- [Task to complete] From the line with "As to the Jughead" down to the final line of the material, please transcribe everything exactly, but leave the pictures out.

[[ Dataset extract open ]]

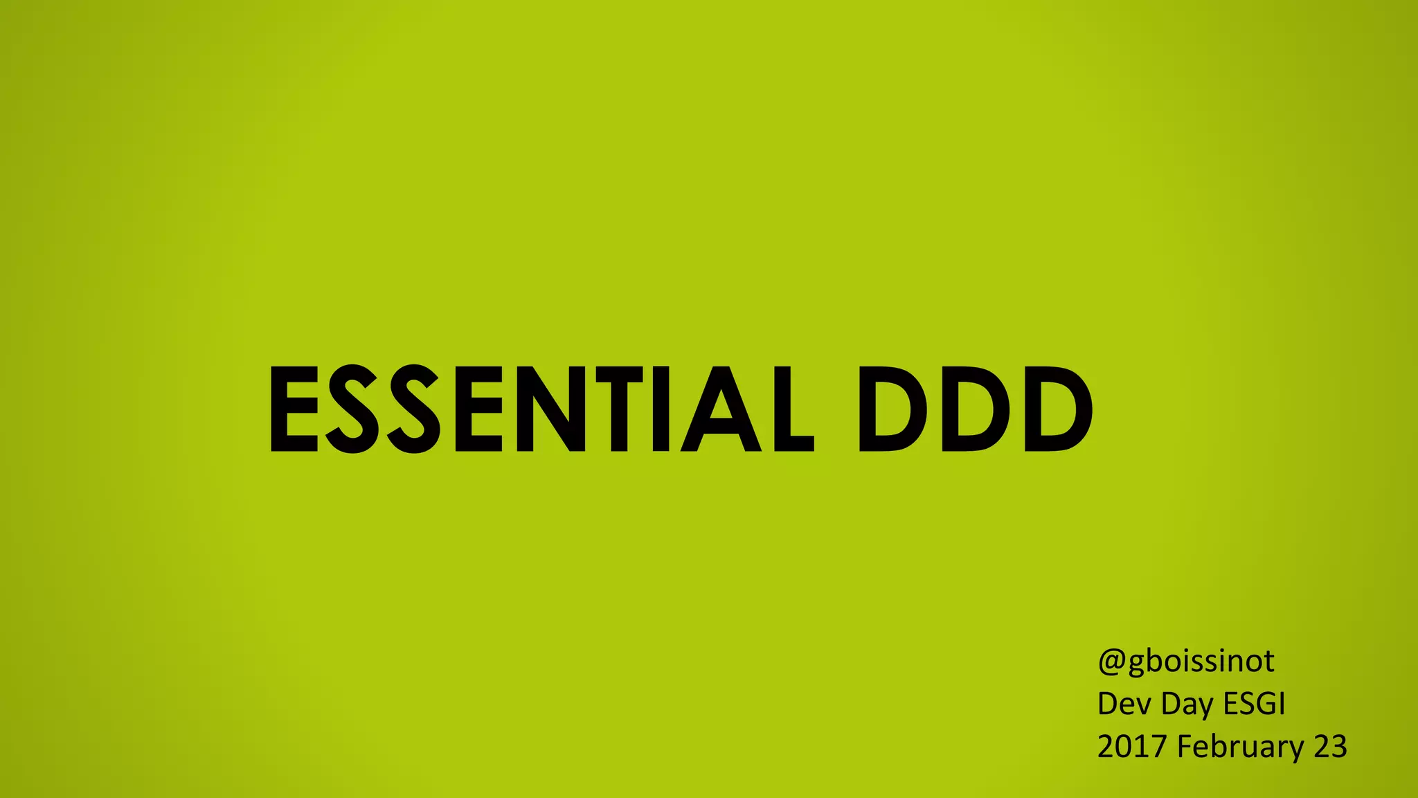 This document provides an overview of domain-driven design (DDD). Some key points:
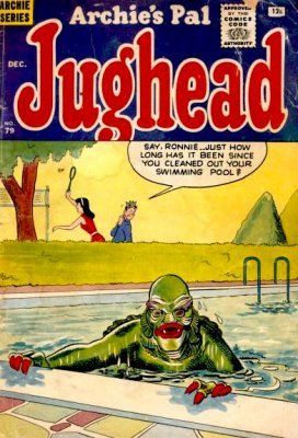 As to the Jughead comic, I would agree that it is the scarcer of the two, and I do like the style & novelty of the cover illustration. However, personally, I would NEVER in a million years consider trading my copy for # 79, even one in mint condition. Granted, I don't care for Archie comics in the slightest; but honestly, apart from the cover, what else about this issue is worthwhile to a Universal Monsters fan or horror comic collector? Sorry, for me anyway, Jughead is just lipstick on a pig while Dell is the whole enchilada.  :) :) :)
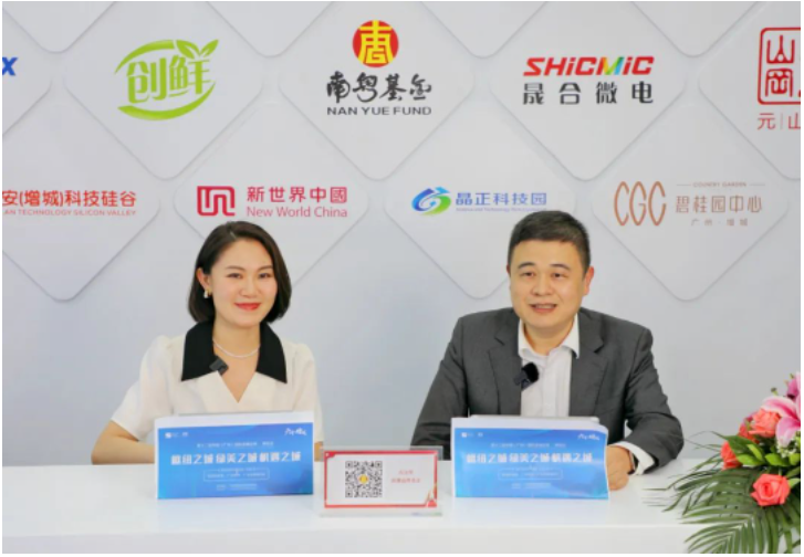 在主會場開幕式,在廣東省副省長張新、廣州市市長郭永航、增城區(qū)區(qū)長霍陽等省市區(qū)領導見證下,南粵基金集團董事長肖磊與廣東省電子集團董事長劉科簽署戰(zhàn)略合作協(xié)議,雙方將共建高端電子薄膜生產制造基地,助力增城區(qū)新一代信息技術產業(yè)延鏈補鏈強鏈。

[[ Dataset extract closed ]]

- [Answer space]
 As to the Jughead comic, I would agree that it is the scarcer of the two, and I do like the style & novelty of the cover illustration. However, personally, I would NEVER in a million years consider trading my copy for # 79, even one in mint condition. Granted, I don't care for Archie comics in the slightest; but honestly, apart from the cover, what else about this issue is worthwhile to a Universal Monsters fan or horror comic collector? Sorry, for me anyway, Jughead is just lipstick on a pig while Dell is the whole enchilada.  :) :) :)
 在主會場開幕式,在廣東省副省長張新、廣州市市長郭永航、增城區(qū)區(qū)長霍陽等省市區(qū)領導見證下,南粵基金集團董事長肖磊與廣東省電子集團董事長劉科簽署戰(zhàn)略合作協(xié)議,雙方將共建高端電子薄膜生產制造基地,助力增城區(qū)新一代信息技術產業(yè)延鏈補鏈強鏈。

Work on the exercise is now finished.